Continue to Site

Eng-Tips is the largest engineering community on the Internet

Intelligent Work Forums for Engineering Professionals

  • Congratulations SSS148 on being selected by the Eng-Tips community for having the most helpful posts in the forums last week. Way to Go!

Calculated Moments of Inertia

Status
Not open for further replies.

billtati

Mechanical
May 21, 2003
34
I have CAD models and the software I used (Mechanical Desktop) is capable of calculating moments of inertia. However, three different versions are returned; (1)Mass Moments of Inertia (2)Mass Products of Inertia & (3)Principal Mass Moments. The coordinates for (1) are given in Lx, Ly & Lz, for (2) in XY, XZ, YZ, and for (3) I, J, K. I am used to seeing MOI expressed in Ix, Iy, Iz.

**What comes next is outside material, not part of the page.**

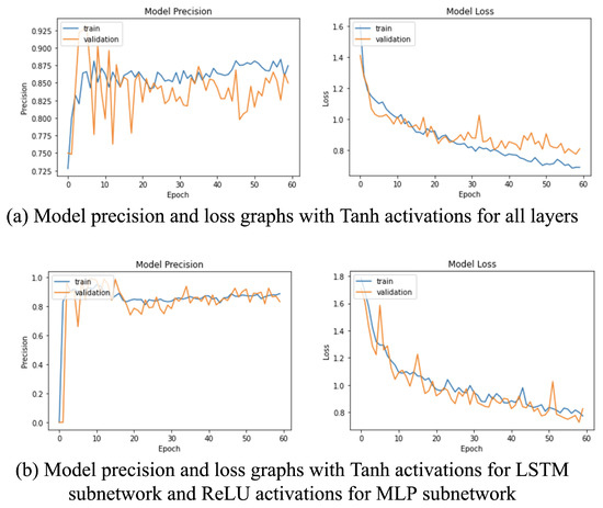 Next, the network was tested using two different activations: and the rectified linear unit (). While using activations in MLP resulted in a faster learning and closer loss curve (see Figure 4), the model could not achieve a high mean average precision (mAP) value on the test set. However, the weights could reach their optimal values using activations in all layers, which is evident from the higher mAP value observed in Table 3. Moreover, using activations for the proposed LSTM sub-network resulted in the dying problem, which occurs when a large number of neurons are zeroed out.

Does anyone know which if these would be the "correct" one for me?
 
Replies continue below

Recommended for you

It sounds like you are wanting the moment of inertia of a surface (like a beam cross section), and the software is giving you moments of inertia of a three-dimensional solid. Is this right? In that case, none of the moments given correspond to the values you're looking for.
 
I have a 3D design of a housing and covers and require the MOI for each part. I hope this helps.
 
BILLTATI: It depends on what you wnat to do. I beleive you need to go back to the fndamentals to determine what you want to do.

Regards
Dave
 
I want the moments of inertia for each part rotated about the X, Y & Z axis.
 
BILLTATI: You then want the principle moment of inertia. So that part is solved. The next question is do you want them about an axis other than the principle axis. If so, then you will need to use the parallel axis theorem.

Regards
Dave
 
Billtati, make sure you use Mechanical Desktop to run a test case for a rigid body that has principle moments that you can easily verify from a textbook.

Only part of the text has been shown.